Numeracy and math skills among adults and children in the United States routinely rank poorly relative to those from comparable nations. Progress in mathematics education can be facilitated by identification and removal of factors that impede math engagement and learning. One such factor is anxiety about mathematics. Math anxiety predicts avoidance of math and poor math achievement, and disproportionately affects individuals with math learning disabilities, women, minorities, and those from lower socio- economic backgrounds. Although substantial work has demonstrated the various correlates and deleterious effects of math anxiety, there is much less direct evidence about what causes it. The main goal of this research is to explore one potential cause of math anxiety that has received relatively little research attention: time-pressure. Time-pressure is a major aspect of math instruction and assessment, from elementary classrooms to university lecture halls. This research project, conducted by researchers from Georgetown University, will address three primary questions: (1) Does time-pressure in math settings cause math anxiety in-the-moment and, if so, are there physiological markers that identify on whom it has the greatest impact? (2) Does time-pressure have long-term implications for math learning, future resilience to time pressure, and math anxiety? (3) Does exposure to time-pressure in math settings have differential implications, whether positive or negative, depending on when in development that exposure occurred? The project is funded by a CAREER award from the EHR Core Research (ECR) program, which supports work that advances the fundamental research literature on STEM learning.

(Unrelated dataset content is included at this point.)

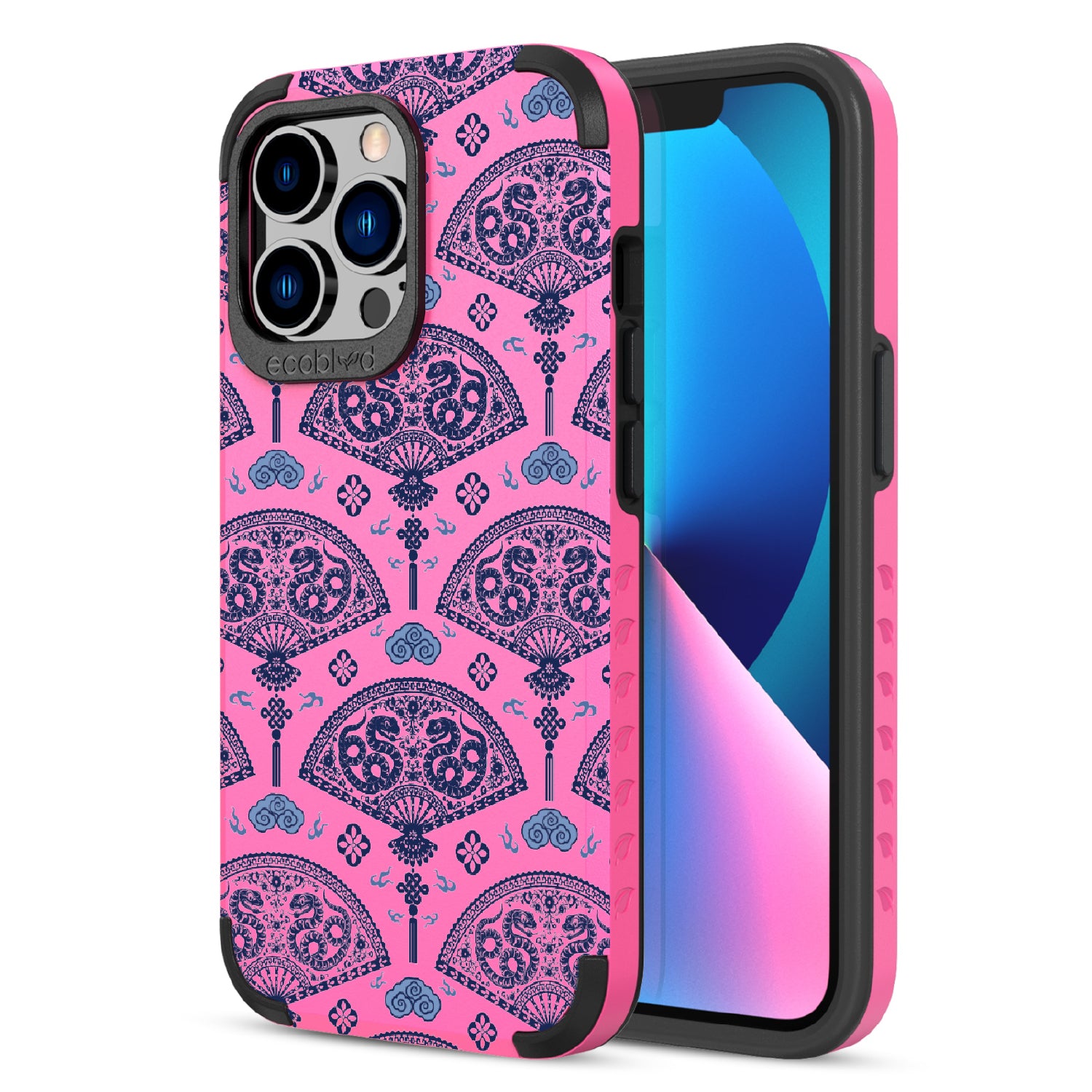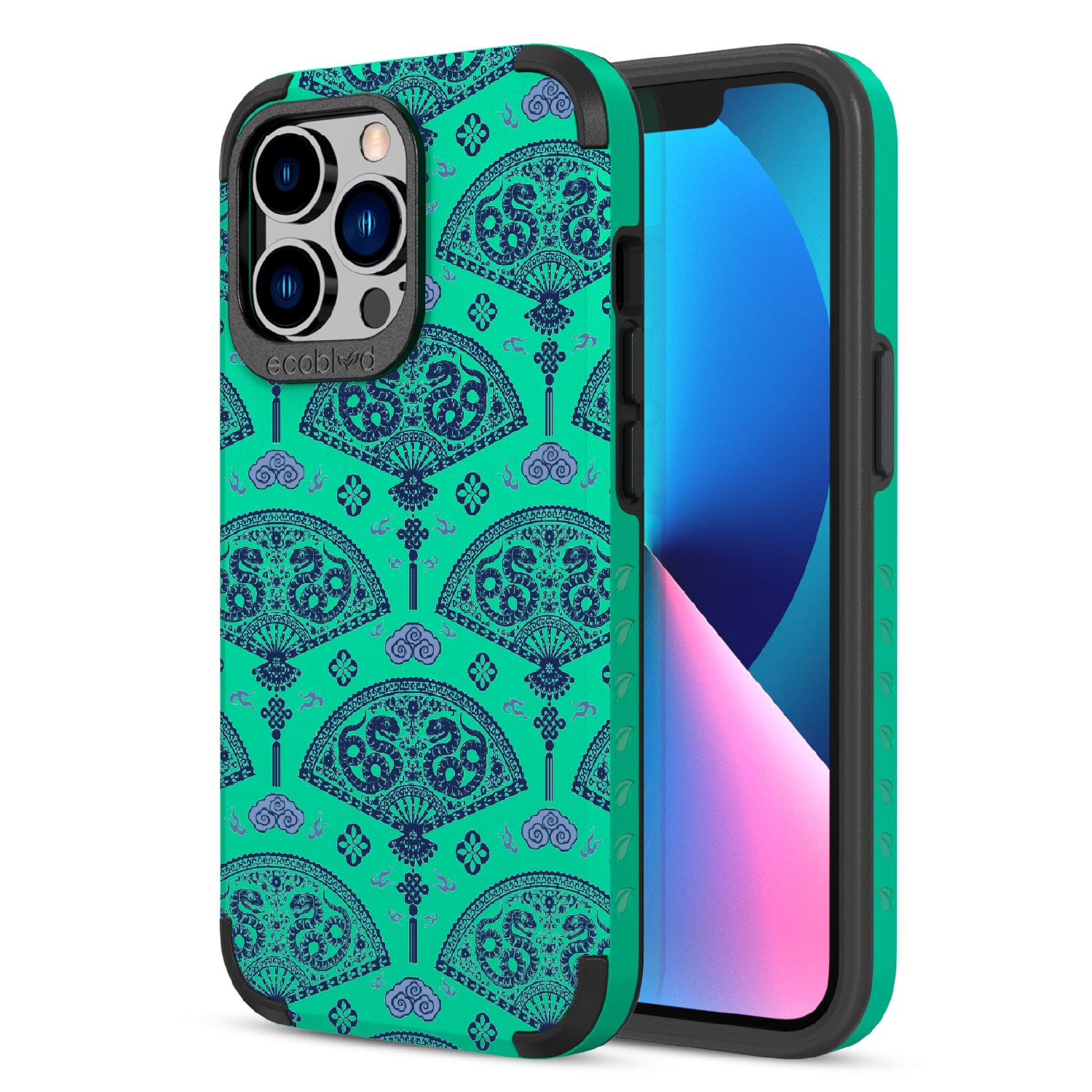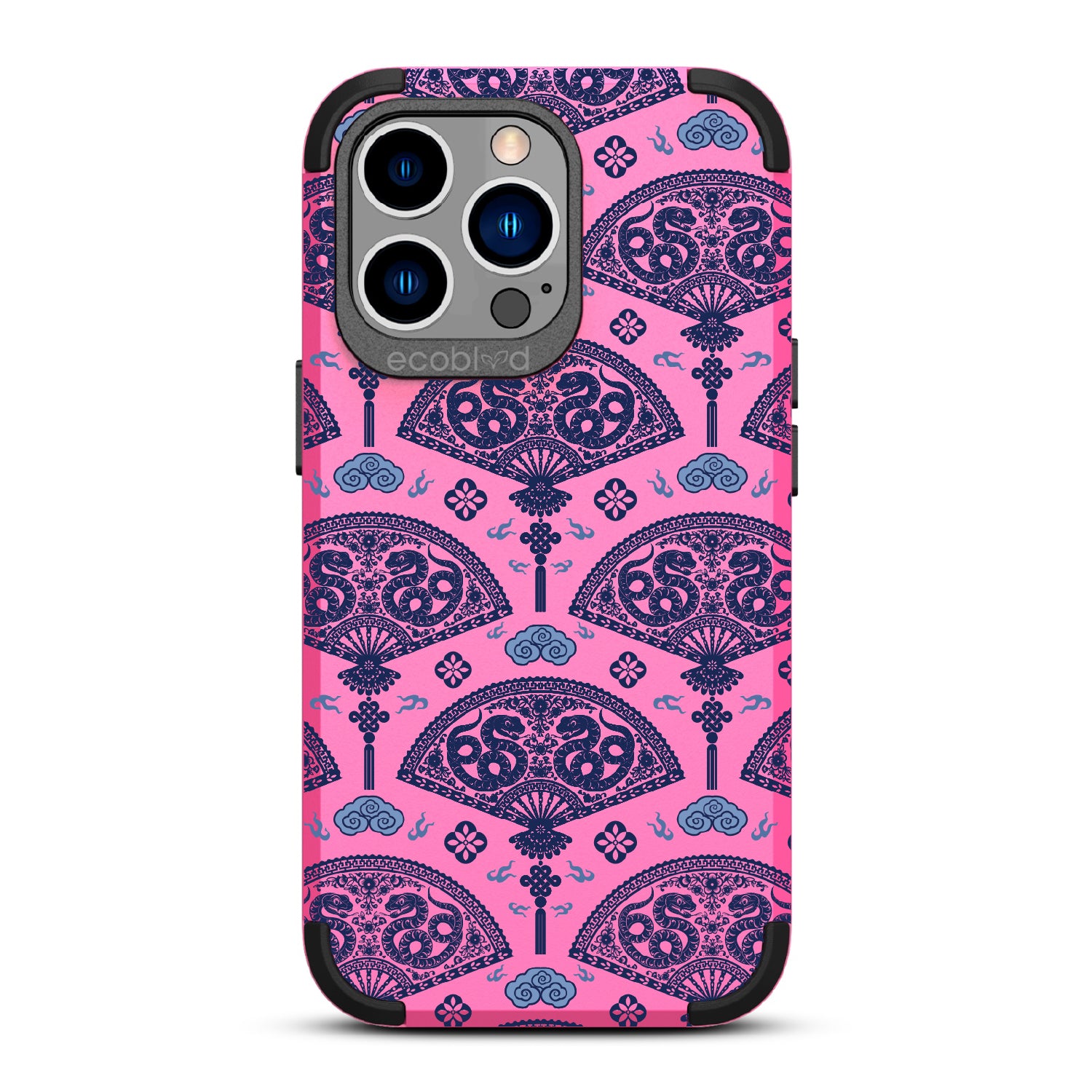 Let the winds of good fortune blow your way with the Fanning Fortune design on our Mojave rugged and compostable iPhone 13 Pro Max case and iPhone 12 Pro Max case. Golden serpents coil through beautifully detailed fans, a symbol of protection and prosperity for the Year of the Snake. The blue and yellow hues reflect the harmony between calmness and vitality, setting the tone for a year filled with new opportunities and growth.

The project will use both an experimental approach (randomized controlled trial) and a longitudinal approach (cross-lagged longitudinal design). The investigators will also examine three different age groups for whom time-pressure in math settings is highly relevant, but may respond to this time-pressure in different ways: elementary (2nd grade), middle-school (8th grade), and college students. They will examine whether time- pressure impacts math anxiety and math performance in-the-moment, the impact time-pressure has on math learning and trait-level math anxiety, and whether exposure to time-pressure modulates the reciprocal interplay between changes in math anxiety and math ability across development. They will use behavioral as well as physiological measures of anxiety such as cardiac activity. Together, this work has the potential to inform decisions made by instructors about how to assess and encourage students to practice basic math skills. More broadly, these decisions have implications for consolidation of math skills in children and adults, changing attitudes about math, and equality of access to STEM careers.
This award reflects NSF's statutory mission and has been deemed worthy of support through evaluation using the Foundation's intellectual merit and broader impacts review criteria.